Metelimumab

Monoclonal antibody
- Type: Whole antibody
- Source: Human
- Target: TGF beta 1

Clinical data
- ATC code: none;

Legal status
- Legal status: Investigational;

Identifiers
- CAS Number: 272780-74-2;
- ChemSpider: none;
- UNII: 4AR6718OL0;

= Metelimumab =

Chemical compound

Metelimumab (CAT-192) is a human IgG4 monoclonal antibody that neutralizes TGF beta 1 which had been chosen for further development for the treatment of diffuse cutaneous systemic sclerosis, also known as scleroderma. It was dropped from further development in favour of fresolimumab, which was being developed by Genzyme as of 2006.

== History ==
Metelimumab was isolated by Cambridge Antibody Technology (CAT) using its phage display technology. In 2000, CAT signed a collaborative deal with Genzyme to further develop TGF beta antibodies.

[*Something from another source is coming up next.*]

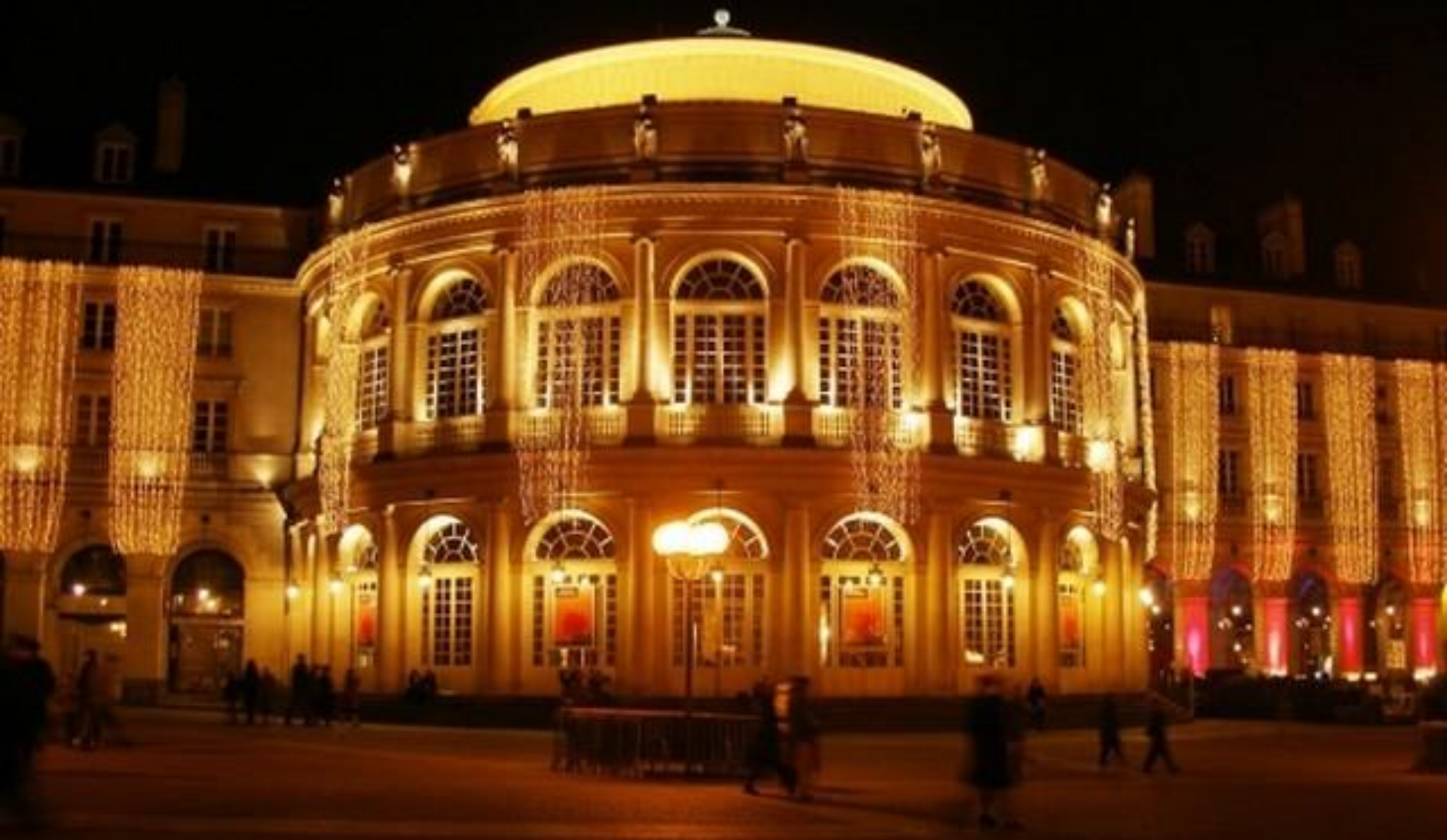
Place de la mairie à Rennes

In 2004, CAT and Genzyme revealed that Phase I/II trials of metelimumab for scleroderma showed this antibody to be safe and well tolerated across all dose levels, although no conclusions regarding efficacy of the compound could be made.

Initial trials targeted the skin condition scleroderma but, after some unsuccessful clinical trial results, the product was dropped in favour of fresolimumab, which was being developed by Genzyme as of 2006.